[Records from a dataset]

══════════════════════════════

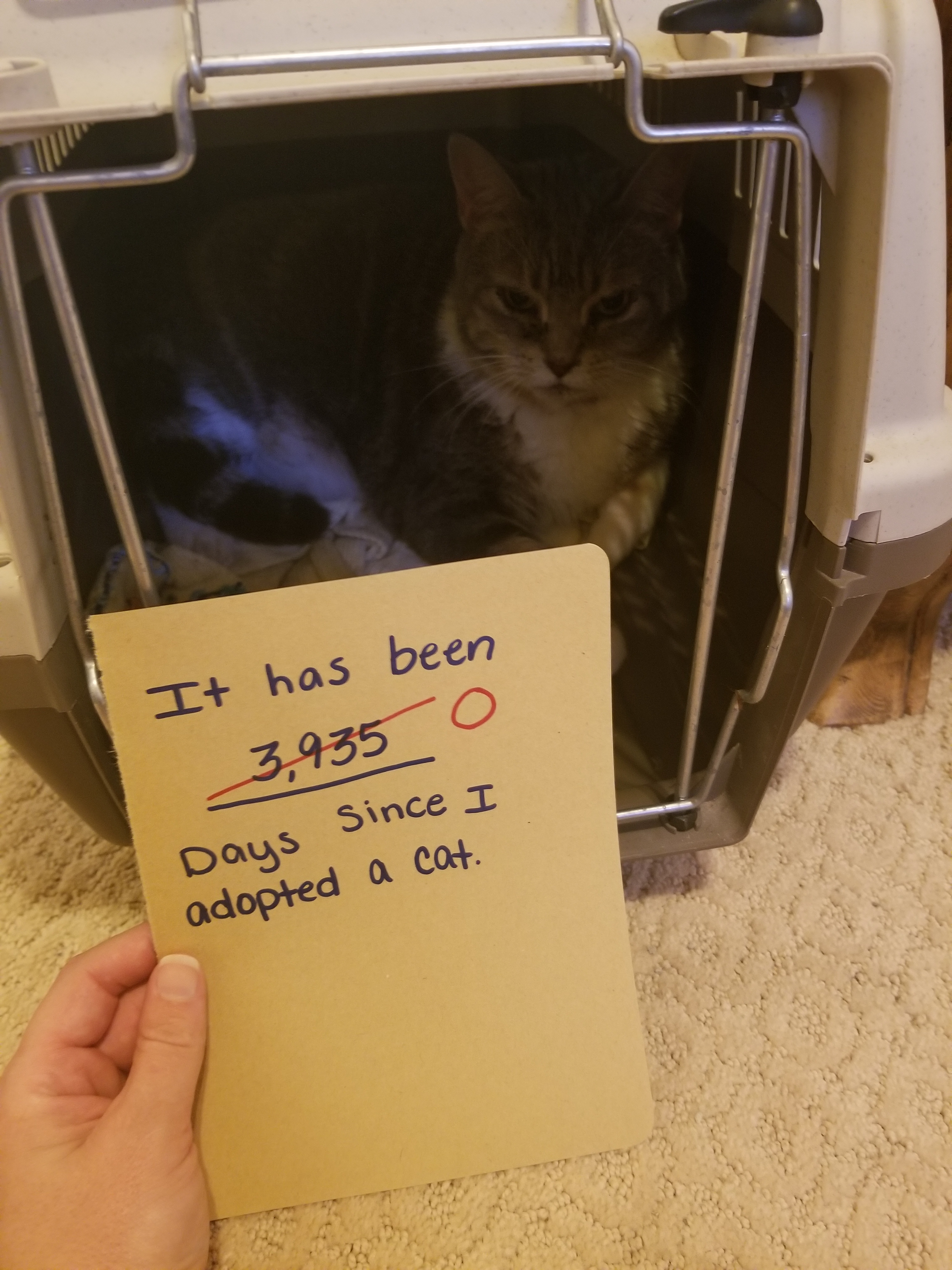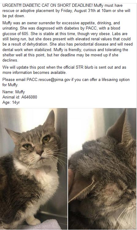I first met Muffy through this online post, which went up at 10am on August 30th 2018. I saw the photo and description and I thought “she has diabetes, infections, probably kidney disease, has bad teeth, is old, and is obese… She’s perfect!” And I meant that in the most sincere way. So, I walked into my bosses office and said “I need the rest of the day off. I have to go adopt this cat.”
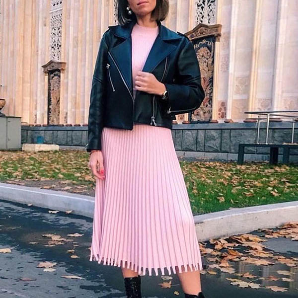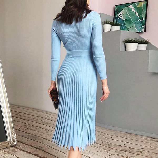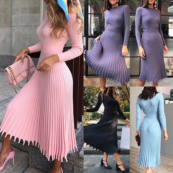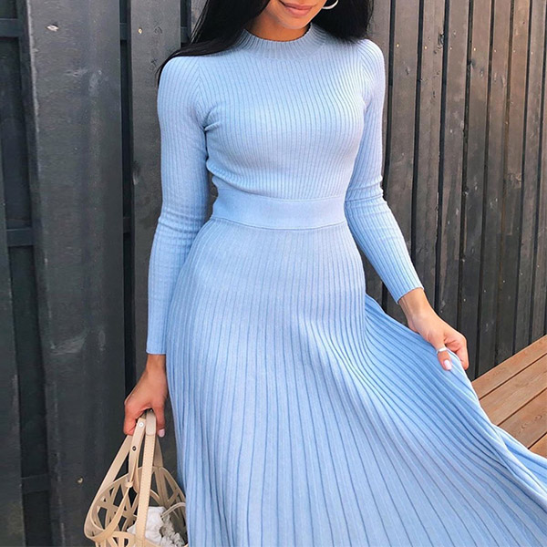You can easily portray your elegant and charming image through this delicate dress. Solid color style,the high waist and clean silhouette design can showcase your slender figure,while the pleated hem design will make this piece look more attractive and stylish. It is worth to be your wardrobe staple when the days get a little cold.
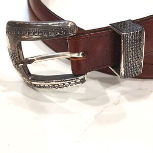 Onyx by Brighton Brown Leather Men's Belt Silver Buckle & Tip Vintage Size 38
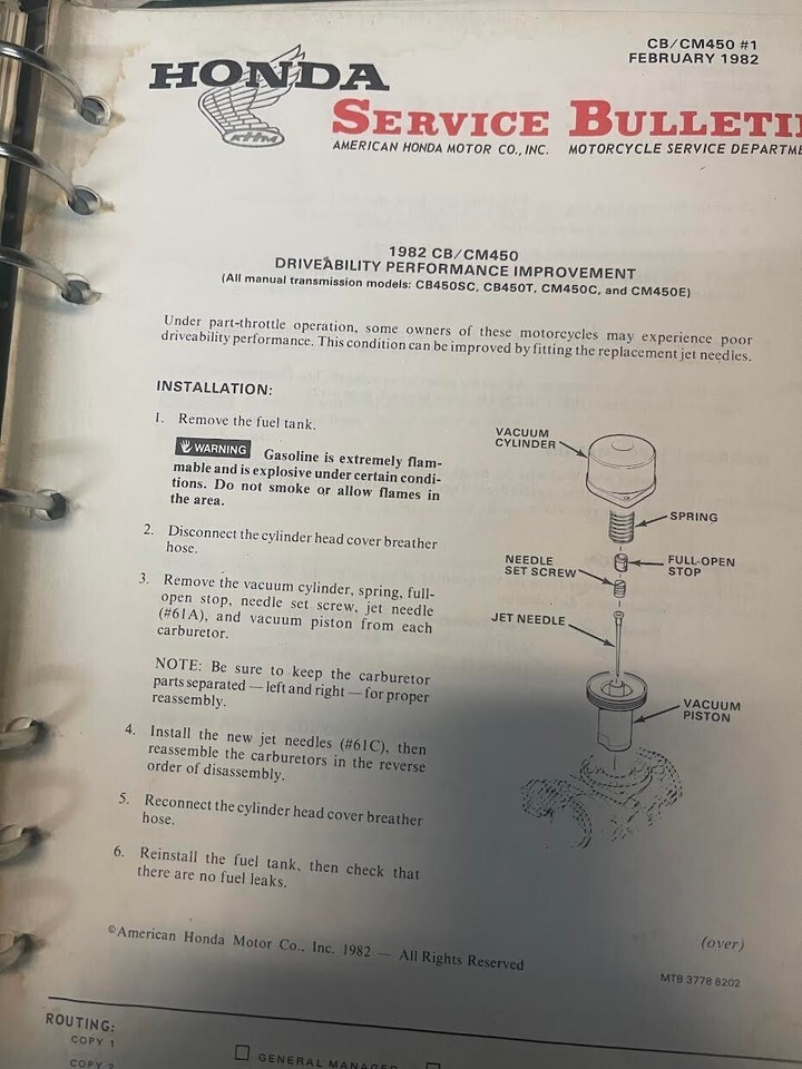 Manuel De Réparation D'Atelier OEM 61MC003 Honda CB/CM450S 450 1982 1983 1985
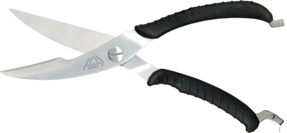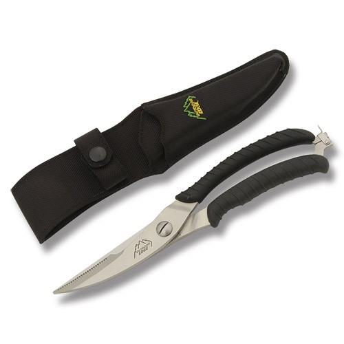 These are the sharpest, most powerful, spring loaded Game Shears available. They make easy work of field dressing birds, small game and fish. Features full-tang 420J2 stainless construction with non-slip rubberized TPR handles, serrated cutting edge and special bone breaking notch. The Game Shears come complete with a quality nylon sheath.

══════════════════════════════

■ **EXERCISE GOAL**:
Only what runs from the line containing "You can easily" through the end of the entries above should be extracted, exactly and without pictures.

■ **ANSWER SPACE**:
You can easily portray your elegant and charming image through this delicate dress. Solid color style,the high waist and clean silhouette design can showcase your slender figure,while the pleated hem design will make this piece look more attractive and stylish. It is worth to be your wardrobe staple when the days get a little cold.
 Onyx by Brighton Brown Leather Men's Belt Silver Buckle & Tip Vintage Size 38
 Manuel De Réparation D'Atelier OEM 61MC003 Honda CB/CM450S 450 1982 1983 1985
 These are the sharpest, most powerful, spring loaded Game Shears available. They make easy work of field dressing birds, small game and fish. Features full-tang 420J2 stainless construction with non-slip rubberized TPR handles, serrated cutting edge and special bone breaking notch. The Game Shears come complete with a quality nylon sheath.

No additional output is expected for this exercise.